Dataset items
--*--

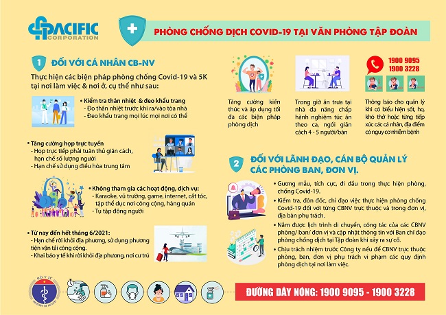 Trước tình hình dịch Covid 19 vẫn tiếp tục lây lan trên nhiều khu vực tại Hà Nội nói riêng và các địa phương trên cả nước nói chung, Ban phòng chống dịch Tập đoàn Thái Bình Dương đã và đang đề nghị CBNV nghiêm túc thực hiện các biện pháp phòng chống dịch tại nơi làm việc và nơi ở theo hướng dẫn của cơ quan chức năng: khai báo y tế đầy đủ, đo thân nhiệt, thực hiện giãn cách tại vị trí làm việc, đeo khẩu trang và giữ gìn vệ sinh trong môi trường công sở v.v
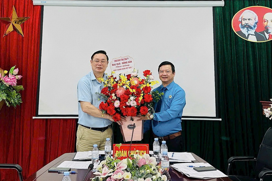 Tại Đại hội, đồng chí Lê Văn Trường đã tặng lẵng hoa chúc mừng đồng chí Vũ Ngọc Thanh nhân Ngày Doanh nhân Việt Nam (13/10).
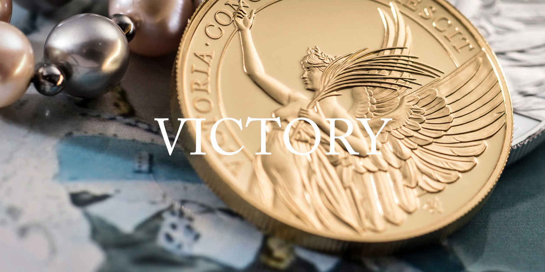 Our first coin in the series features the allegorical representation of Victory inspired from the classic and much-admired Victoria Memorial. She is depicted facing left, a victor’s palm held in her left hand, her right arm outstretched in triumph.
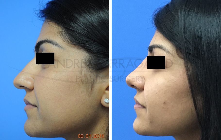 Young female who desired to improve the appearance of her nose, yet wanted to keep her ethnic features; shown over 3 months post op closed rhinoplasty (no external incisions).
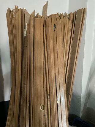 Se venden listones de madera de diferentes tamaños. Estuvieron puestos una sola semana, están perfectamente, alguno tiene algún agujero de la unión con el otro que se puede tapar perfectamente con masilla. Fue una barandilla para el patio que hicimos. El precio es por el lote. - Listones de madera maciza. - Ideales para proyectos de bricolaje o construcción.
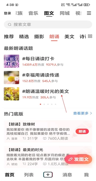 点击朗诵分类后,你能看到每日诵读打卡、幸福用诵读传递等话题,还有热门底版的朗诵内容展示。
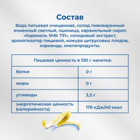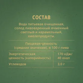 вода питьевая очищенная, солод ячменный светлый и карамельный, сахар, ячмень пивоваренный, хмелепродукты.

--*--

TASK PROMPT |
The answer consists of the records repeated exactly, without any images.

SOLUTION TO THE PROBLEM |
 Trước tình hình dịch Covid 19 vẫn tiếp tục lây lan trên nhiều khu vực tại Hà Nội nói riêng và các địa phương trên cả nước nói chung, Ban phòng chống dịch Tập đoàn Thái Bình Dương đã và đang đề nghị CBNV nghiêm túc thực hiện các biện pháp phòng chống dịch tại nơi làm việc và nơi ở theo hướng dẫn của cơ quan chức năng: khai báo y tế đầy đủ, đo thân nhiệt, thực hiện giãn cách tại vị trí làm việc, đeo khẩu trang và giữ gìn vệ sinh trong môi trường công sở v.v
 Tại Đại hội, đồng chí Lê Văn Trường đã tặng lẵng hoa chúc mừng đồng chí Vũ Ngọc Thanh nhân Ngày Doanh nhân Việt Nam (13/10).
 Our first coin in the series features the allegorical representation of Victory inspired from the classic and much-admired Victoria Memorial. She is depicted facing left, a victor’s palm held in her left hand, her right arm outstretched in triumph.
 Young female who desired to improve the appearance of her nose, yet wanted to keep her ethnic features; shown over 3 months post op closed rhinoplasty (no external incisions).
 Se venden listones de madera de diferentes tamaños. Estuvieron puestos una sola semana, están perfectamente, alguno tiene algún agujero de la unión con el otro que se puede tapar perfectamente con masilla. Fue una barandilla para el patio que hicimos. El precio es por el lote. - Listones de madera maciza. - Ideales para proyectos de bricolaje o construcción.
 点击朗诵分类后,你能看到每日诵读打卡、幸福用诵读传递等话题,还有热门底版的朗诵内容展示。
 вода питьевая очищенная, солод ячменный светлый и карамельный, сахар, ячмень пивоваренный, хмелепродукты.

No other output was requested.